Maintenance, repair and operations (MRO) expenses often fly under the radar and for that reason tend to be easily ignored. MRO expenditures are those purchases that fall under the category of indirect spend and include things like cleaning products, safety equipment, maintenance supplies, spare parts, industrial-equipment parts, computers, furniture, fixtures, etc.
Efficiently-managed MRO purchasing means that the right items will be available when needed. But it also means that companies will successfully minimize downtime of operations and manage purchasing so as to have a positive impact on organizational performance.
According to an annual survey conducted in 2018 by Peerless Research Group and published on Logistics Management’s website, MRO spending is on the rise: 25% of respondents (professionals involved with MRO management) said they expected to spend more on MRO products and services than they did in 2017.
The survey notes that most MRO professionals rely heavily on manufacturers and distributors for information: 63% of respondents said that MRO solution-related information comes directly from manufacturers and their websites, while 58% depend on distributors and their websites for this information.
MRO spending is often ad hoc, resulting in poor expenditure control
Because of the typically casual, ad hoc nature of MRO-purchasing, such purchases are frequently managed by issue of purchasing requisitions. It’s easy to see how expenditure control could quickly get out of hand.

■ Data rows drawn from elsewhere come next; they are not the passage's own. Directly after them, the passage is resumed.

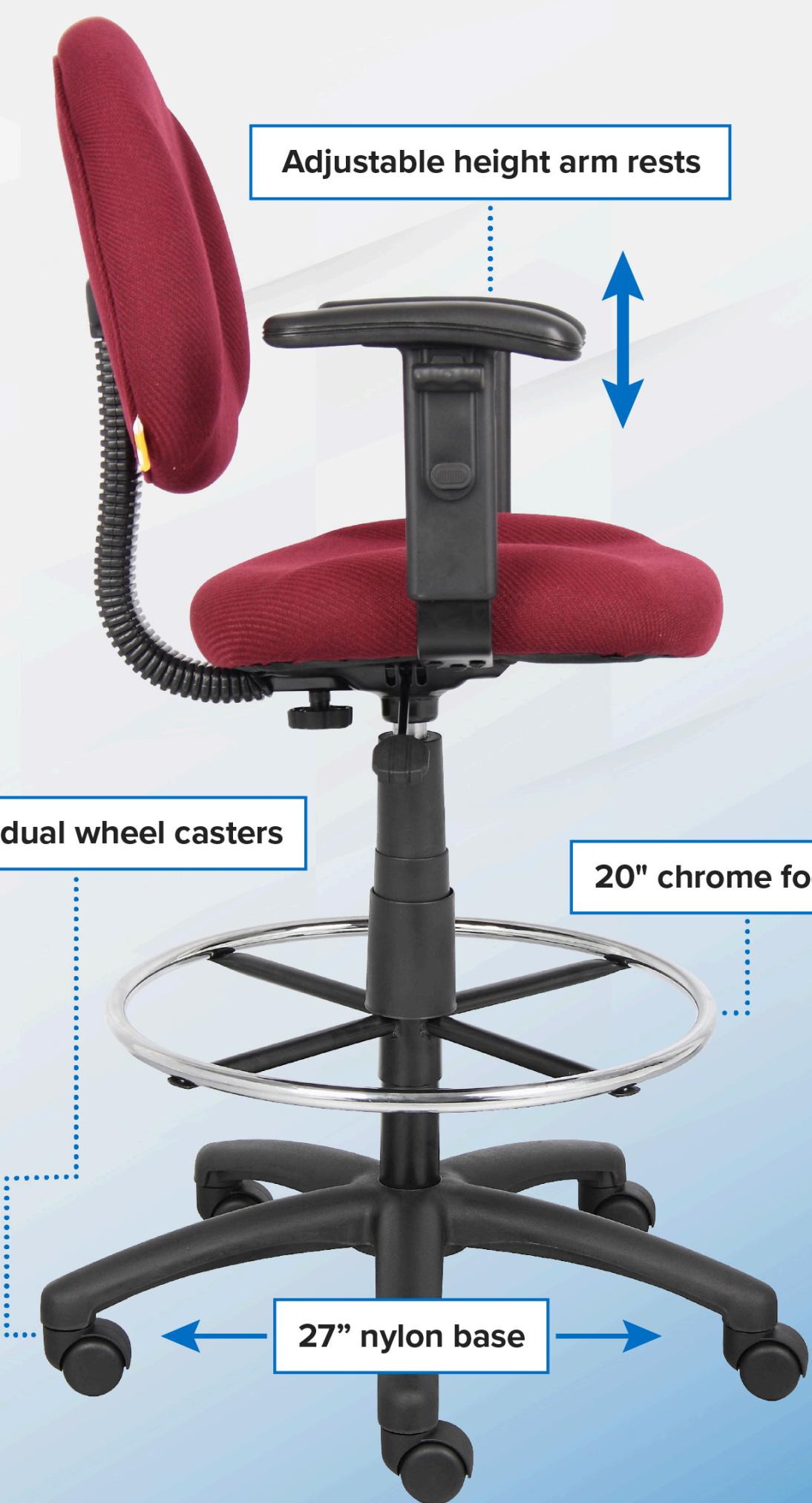
Adjustable height arm rests
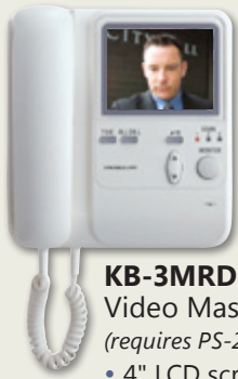
KB-3MRD Video Master Station (requires PS-2420UL) • 4" LCD screen • Handset for privacy 7-11/16" H 7-5/16" W 3-5/16" D
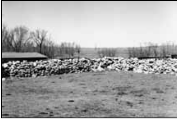
A portion of the Texas Trail Stone Corral near Imperial, c. 1920, CH00-041
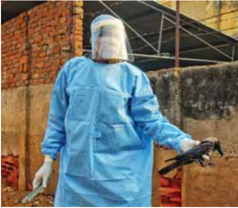
Forest department official picks up a sick crow from a roadside near Jal Mahal in Jaipur on Tuesday

The operation to cull birds in and around a one-km radius of the affected areas in Alappuzha and Kottayam in Kerala was launched a day after results of samples tested at the National Institute of High Security Animal Diseases in
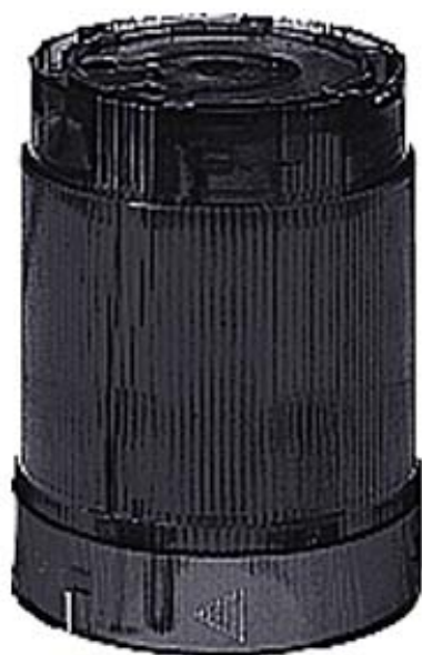
AS-INTERFACE ADAPTER ELEMENT WITH EXTERNAL AUXILIARY VOLTAGE FOR 4 SIGNALLING ELEMENTS BLACK DC 24 V
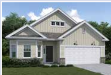
WASHINGTON I OPTIONAL FARMHOUSE ELEVATION
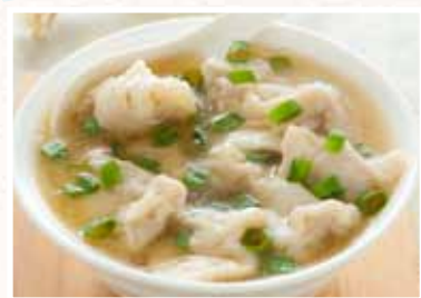
Wonton w/ Soup
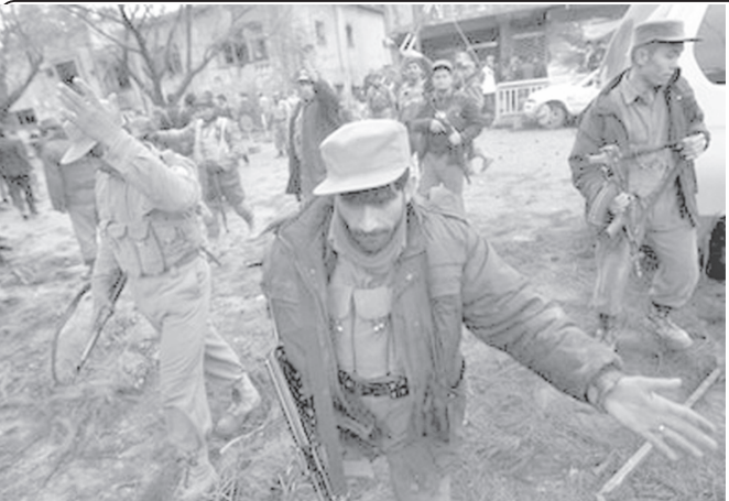
Afghan security forces disperse the media from the site of an explosion and a gun battle in the Shar-e Naw area in the heart of the capital Kabul in February 2010.—INTERNET

Zadrán blamed Taliban militants for the attack, saying the militants by organizing such offenses attempt to destabilize security in the province.— Xinhua
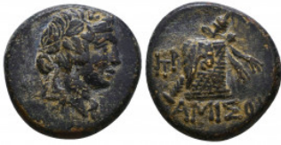
275 PONTOS, Amisos. Circa 109-89 BC. Æ Reference: Condition: Very Fine Weight: 8.2 gr Diameter: 21 mm 1
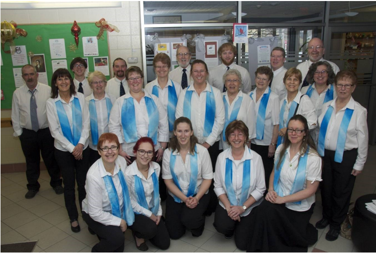
Left: Reachout singing at the Hamilton Road Seniors' Centre for their Christmas lunch.
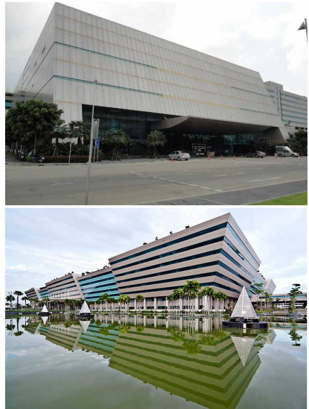
Figure 3. The Dhanarak Asset Development building (A) and The Bangkok Government Complex (B)

shows the exterior of the building, whereas figure 4 shows two interior spaces of the Government Complex buildings.
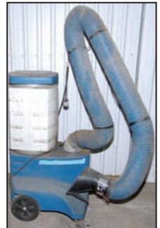
NEDERMAN portable fume extractor
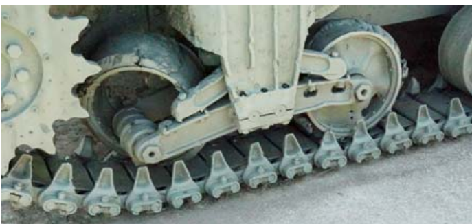
Sitting right outside the front door is an M4 Sherman in very bad shape.
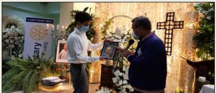
HCP Adolf hands over Tinig photo of PP Esto to grandson.
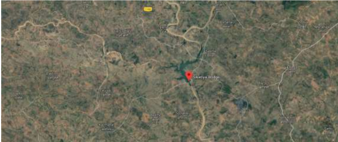
Figure 1: Property location

Way Side Amenities, Hamsada is located on NH-18 highway. Nearest Bus Station is Mango Bus Station, Jamshedpur.
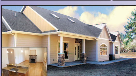
BRAND NEW CUSTOM HOME Newly completed custom 3/2 home on Sutton Lake. Over an acre of land to improve & enjoy. One level home with bamboo floors, granite counters, stainless appliances, cherry cabinets, heated tile floor in master bath, formal dining plus great room with wood burning fireplace. Southern exposed, 3-sided covered patio to enjoy entertaining & lazy days at the lake. $497,000 #11147 MLS#15405418
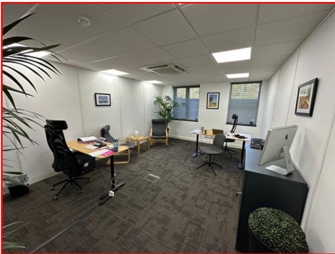
Example of Ground Floor Office Suite

Currently there are 2 office suites available on the ground floor and 1 on the second floor. Pictures included in order to give you an idea of the quality of space being offered.
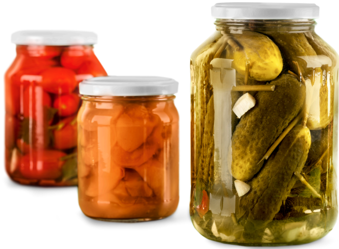
Newly Introduced Products & Brands
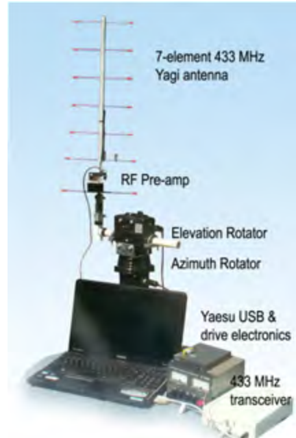
Figure 1: Rotator Assembly
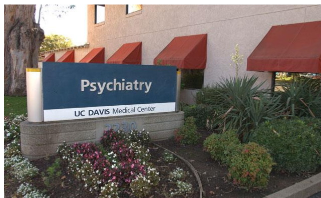
UC Davis Medical Center, Dept. of Psychiatry and Behavioral Sciences
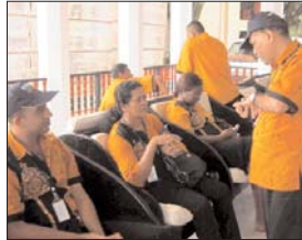
Meeting Inland Revenue officials from Sri Lanka
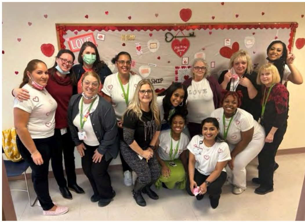
Staff at 920 Lark celebrate Valentine's Day
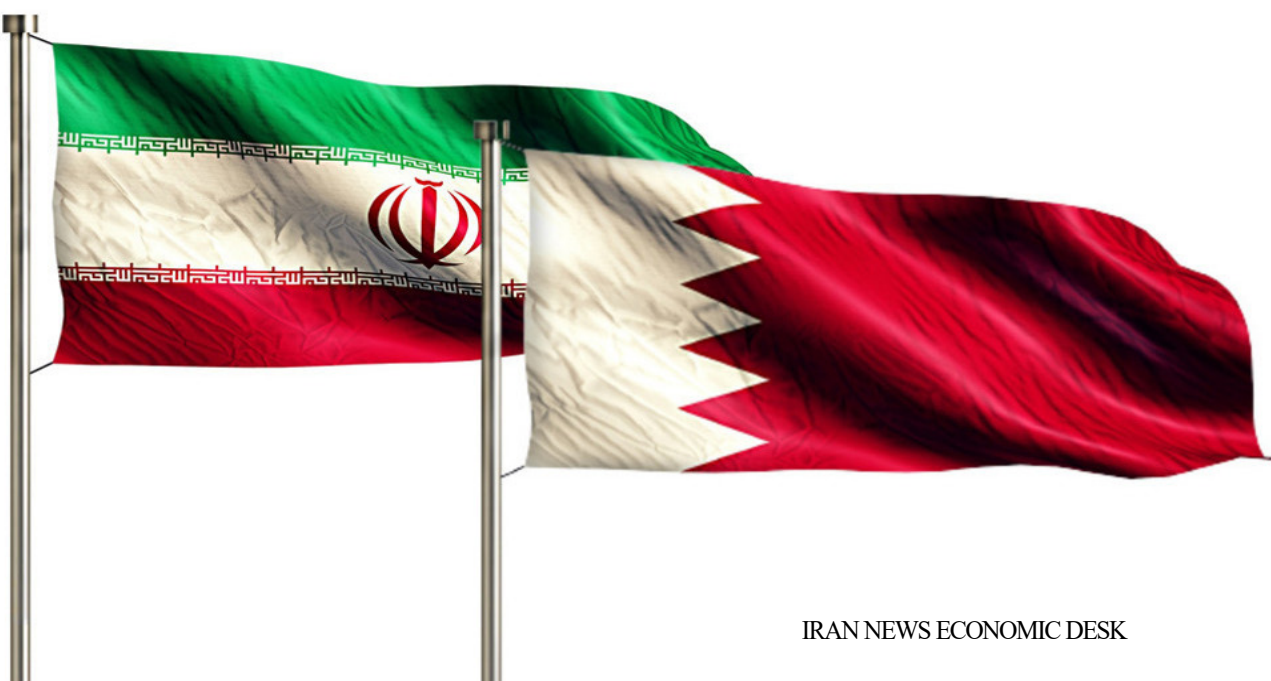
IRAN NEWS ECONOMIC DESK

TEHRAN - Negotiations between the Deputy for International Affairs of the Central Bank of Iran and the Deputy of the Central Bank of Bahrain have commenced with the aim of releasing the blocked assets of the Central Bank of the Islamic Republic of Iran and other Iranian banks in Bahrain. These discussions will continue until a resolution is reached.
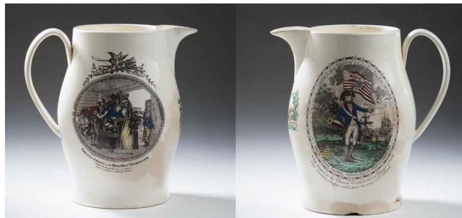
TB4. Cream ware jug “Gretna Green” and “American Militia”. Sold North East Auctions 2013.
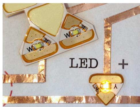
Figure 1. Illuminated LED circuit sticker

We designed the experience to feel just like crafting with traditional stickers, except with the additional functionality of light, sensing and programmability. In doing so, our goal is to create an “on ramp” to new electronics concepts like inputs and outputs or series and parallel circuits through familiar materials and interactions. Following the constructionist tradition, our kit aims to be tangible and open-ended so that children will be motivated to learn these new concepts in order to create more complex and personally meaningful craft projects [1].
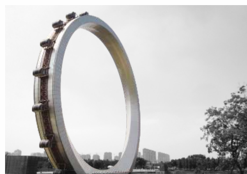
SPOKELESS WHEEL GLC-98A
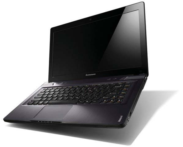
Lenovo IdeaPad Y480
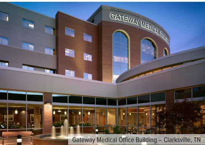
Gateway Medical Office Building – Clarksville, TN
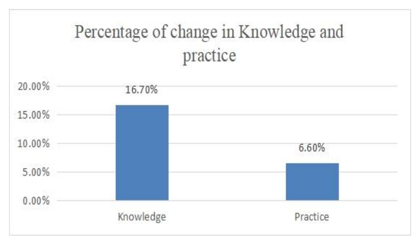
Figure 2: Percentage of change in knowledge and practice.
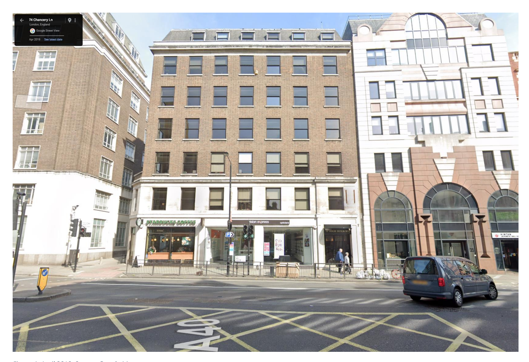
Figure 4: April 2019.
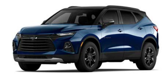
Black/Blue Glow Metallic<sup>2</sup>
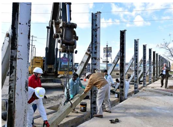
City of Vicksburg employees work on a floodwall Wednesday near the Old Depot Museum on Levee Street in Vicksburg as the Mississippi River continues to rise. Jan.6, 2016
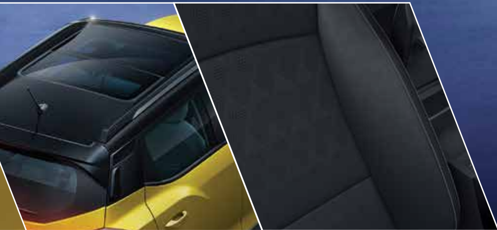
Panoramic Skyroof™ – largest in its class

Its cabin boasts premium interiors with a soft-touch leatherette dashboard that extends to the door trims and leatherette seat upholstery to elevate the sense of sophistication. Leather accents on the steering wheel, gear knob and front armrest further enhance the premium feel.
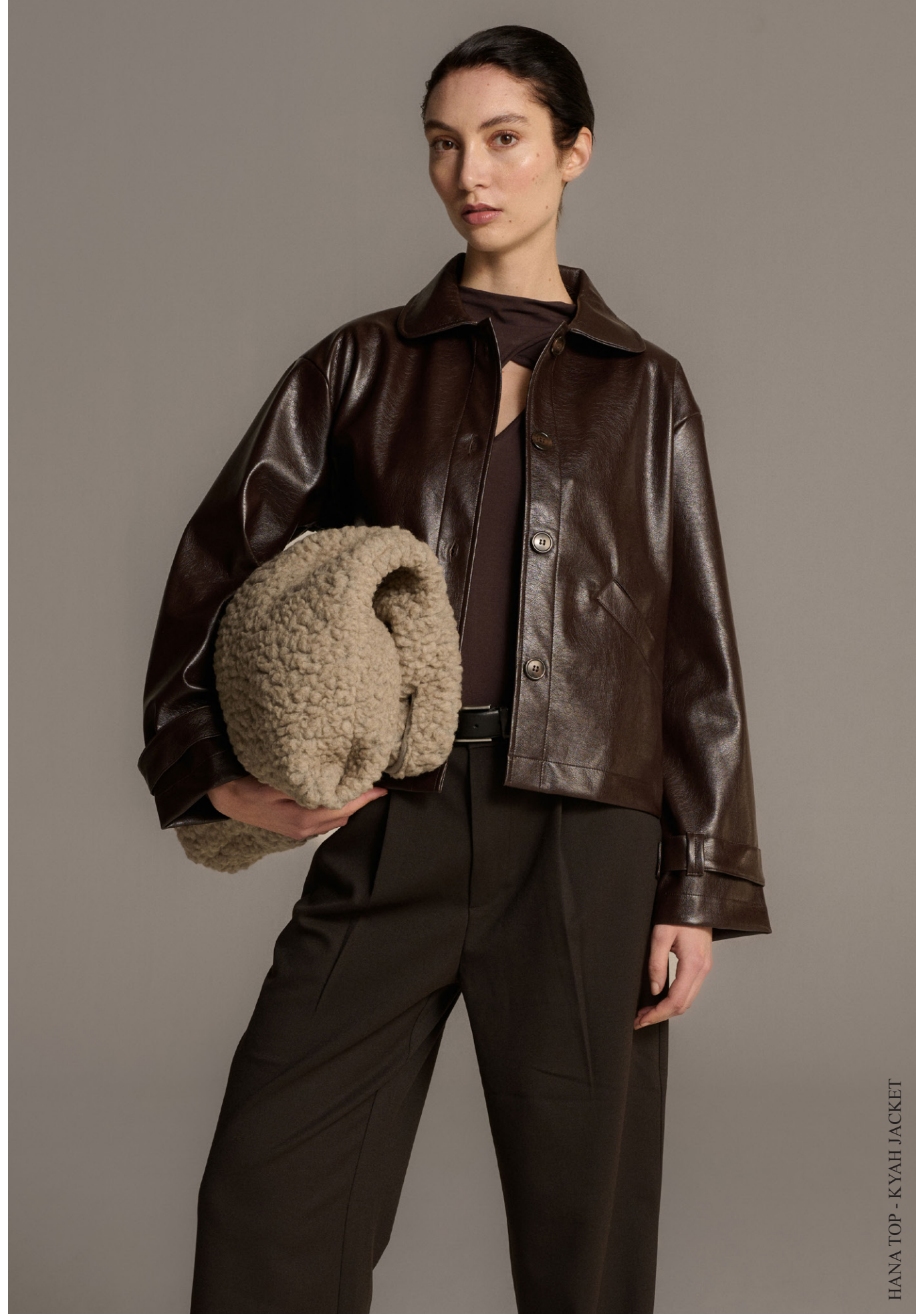
HANA TOP - KYAH JACKET

The problem of careless MRO control points up the need to rein in MRO purchasing so as to manage inventory effectively. Unnecessary overstock in inventory will adversely impact the bottom line.
Some organizations leave MRO control or purchasing to administrative personnel such as admin assistants or receptionists. MRO items aren’t usually managed by systems such as enterprise resource planning (ERP) tools, so it’s pretty common for these purchases to get left to admin employees who place orders with suppliers on an as-needed basis.
It makes sense to move MRO responsibility away from admins and into procurement teams, in order to optimize spend. Given that they’re so frequently overlooked, MRO expenses present a great opportunity for improvement in spend management and cost savings.
Typical MRO spending patterns often led to inefficiencies
Part of the problem with getting a handle on MRO expenses is that this category tends to be purchases of small items that fall below approval thresholds. As you can imagine, there is a lot of room for inefficiencies:
- Many recurring small purchases can add up to big total spending, with an adverse effect on profitability.
- It’s not unusual for MRO purchases to made by many different people in different departments and to be uncontrolled.
- This type of haphazard purchasing can lead to excessive spending, excessive inventory and wastage.
It’s important to find and fix inefficiencies in MRO purchasing. If not done, these are typical problems that develop:
- Invisible MRO inventories build up. Individual workers stockpile items out of sight of inventory management systems and unavailable to other employees who might need them.
- Different buyers purchase from different suppliers. Inefficient purchasing takes place instead of realizing savings by combining purchases from one or a small number of suppliers.
- Spot purchases of inventory lead to high purchase-order processing costs and excessive sub-stock inventory.
MRO-spending KPIs are a great way to set performance goals
For procurement managers, setting sights on key MRO spend metrics is a valuable way to benchmark performance and set goals. SDI, an MRO supply company and service provider, suggests watching these KPIs to improve MRO procurement spending:
- A good rule-of-thumb is that MRO spend should be kept to 3% to 10% of overall procurement budgets, keeping the MRO category a low percentage of total production inventory.
- Improved spend visibility and more efficient consumption will result when poor inventory accuracy and uncontrolled buying is gotten under control. Managers should look to keep the percentage of ad hoc/unaccounted spend below 2% of the procurement budget.
- Since most companies expense MRO supplies at time of purchase, it’s important to reduce how long these expenditures are on the books. Keeping MRO inventory days-on-hand below thirty days is considered optimal for many industries.
- MRO buyers should manage the number of suppliers that cater to 80% of their spend, looking to consolidate the number of suppliers to about 12% to 15% of their suppliers servicing 80% of their overall spend.
- Lots of rush orders means more spend and, in turn, cost overruns and declining margins. To counter the negative effects of rush orders, it’s a good idea to maintain a low ratio of 1:8 to 1:10, with procurement then working with operations to manage inventories to hit that ratio.
- To counter the negative impact of stock outs (which can include production delays, rush orders and increased MRO costs), procurement managers should calculate the number of stock out occurrences compared to total items picked, and these should be maintained at a level below 1% on a daily or weekly basis.
MRO expenses are not glamorous and are often ignored, but for this very reason they represent a real opportunity for improvement and cost savings and should not be overlooked.